Bereketli bir gün

Haberin Devamı ›
Dün, hem Beşiktaş açısından hem de benim için bereketli bir gün oldu. 3 müsabaka izledim art arda. Hem futbola hem de gole doydum.
Fulya’da saat 14.00’te B Genç Takımı, Maltepe’yi 9-0 mağlup ederken, Orhan, Necip, Furkan, Ömer ve İlkcan’ın mükemmel oyunlarını ve gollerini izlemenizi isterdim. Beşiktaş’ın geleceği olan bu gençler mükemmeldi.
Ardından saat 16.00’da Fikret Demirer’in PAF Takımı, Denizli’yi Batuhan, Mehmet Sedef ve Onur’un harika golleriyle 3-0 mağlup etmesinden sonra, soluğu İnönü Stadı’nda aldım.
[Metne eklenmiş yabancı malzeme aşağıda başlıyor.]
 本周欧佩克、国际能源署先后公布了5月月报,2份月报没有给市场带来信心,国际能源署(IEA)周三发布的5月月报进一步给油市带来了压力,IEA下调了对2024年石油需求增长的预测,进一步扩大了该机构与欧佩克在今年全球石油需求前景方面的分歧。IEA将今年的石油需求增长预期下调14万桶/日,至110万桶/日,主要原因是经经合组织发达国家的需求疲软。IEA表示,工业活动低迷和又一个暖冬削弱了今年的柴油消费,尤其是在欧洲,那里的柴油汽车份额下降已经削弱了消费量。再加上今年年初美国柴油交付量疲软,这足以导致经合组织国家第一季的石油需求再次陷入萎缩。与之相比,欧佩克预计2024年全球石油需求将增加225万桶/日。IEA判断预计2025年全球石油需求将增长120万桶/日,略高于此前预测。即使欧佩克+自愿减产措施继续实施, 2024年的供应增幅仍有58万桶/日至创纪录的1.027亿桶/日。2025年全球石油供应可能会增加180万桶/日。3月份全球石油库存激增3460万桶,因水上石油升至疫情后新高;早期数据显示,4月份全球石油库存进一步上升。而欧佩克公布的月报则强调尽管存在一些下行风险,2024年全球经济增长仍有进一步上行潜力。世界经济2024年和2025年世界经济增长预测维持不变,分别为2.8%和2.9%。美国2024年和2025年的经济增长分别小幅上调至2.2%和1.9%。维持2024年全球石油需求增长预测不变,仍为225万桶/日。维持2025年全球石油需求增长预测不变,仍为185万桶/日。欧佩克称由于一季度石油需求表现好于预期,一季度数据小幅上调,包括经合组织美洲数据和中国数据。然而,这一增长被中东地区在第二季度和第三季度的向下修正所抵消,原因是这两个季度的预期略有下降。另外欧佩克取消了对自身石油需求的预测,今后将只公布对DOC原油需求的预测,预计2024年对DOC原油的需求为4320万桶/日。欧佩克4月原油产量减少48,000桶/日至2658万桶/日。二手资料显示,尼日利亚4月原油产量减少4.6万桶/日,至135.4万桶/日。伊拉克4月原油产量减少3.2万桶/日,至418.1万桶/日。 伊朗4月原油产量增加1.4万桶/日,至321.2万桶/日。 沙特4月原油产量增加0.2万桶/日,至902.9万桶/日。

Aynı bereketin burada da yaşanmasını çok arzu ediyordum. Esame listesi elime geçtiğinde biraz kafam karışıktı. Ertuğrul hoca, Beşiktaş’ın düne kadar en istikrarlı bölgesindeki oyuncularla oynamıştı. Ama bazı olmazsa olmazlar var. O da, çok mecbur kaldıkça, eğer Serdar Kurtuluş kulübedeyse, İbrahim Kaş sağ bek olmaz. Beşiktaş’ın haftalardır en büyük problemi; rakip alana çabuk geçememesi, hücumda çoğalamaması, golcüleri mümkün olduğu kadar yalnızları oynaması ve kaleden de uzak kalmaları. Bunun için son 5 haftada rakip kaleye 4 gol attılar. Ama dün çift santrafor oynaması, Nobre’nin çok istekli olması, Mehmet Yozgatlı, Tello, Cisse, hatta Serdar Özkan’ın golcülere yakın olunca oyun 2-0’a kilitlendiği anda bile bizlerde ve tribünde rahatsızlık yoktu.
Ölü top ustası Fikret Demirer’in hediyesi Tello, bana göre Nobre ile beraber dünün yıldızıydı. Başlangıç sıkıntılı oldu, sonuç huzurlu bitti, benim için de başta dediğim gibi bereketli bir gün oldu...
Not: Yunus Yıldırım mı? O zaten dağılmıştı, bu satırlara sığmaz. Cisse’de profesyonel olduğunu unutmamalı.